> **Task to carry out**:
Copy, please, the line with "小個子女生在穿中長款的H型外" and each line that follows it through the end of the data below, exactly as given and without pictures.

==== Data

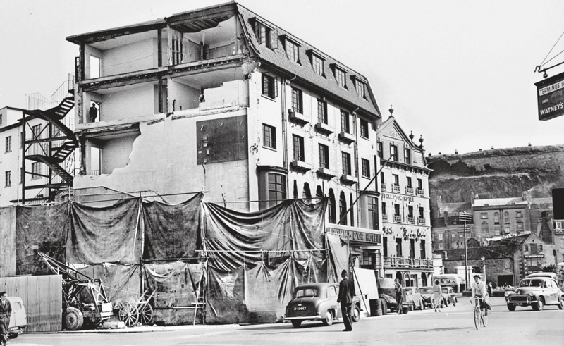 Work under way in 1956 to extend the hotel after the acquisition of the coal store, fortified during the Occupation, on the corner with Conway Street
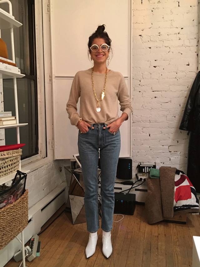 小個子女生在穿中長款的H型外套時,必須要搭配一條腰帶才能顯出腰線來,不過Leandra用到的並不多,因為她的單品基本上都是高腰款式為主。
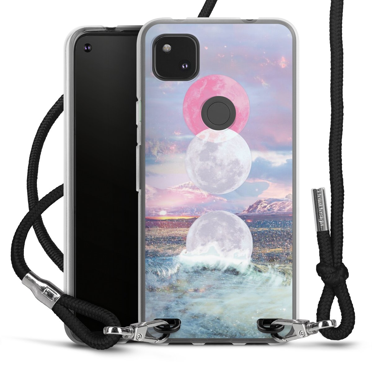 Keep your phone handy at all times, thanks to the flexible silicone case with a textile strap.

========

> **Exercise response**:
 小個子女生在穿中長款的H型外套時,必須要搭配一條腰帶才能顯出腰線來,不過Leandra用到的並不多,因為她的單品基本上都是高腰款式為主。
 Keep your phone handy at all times, thanks to the flexible silicone case with a textile strap.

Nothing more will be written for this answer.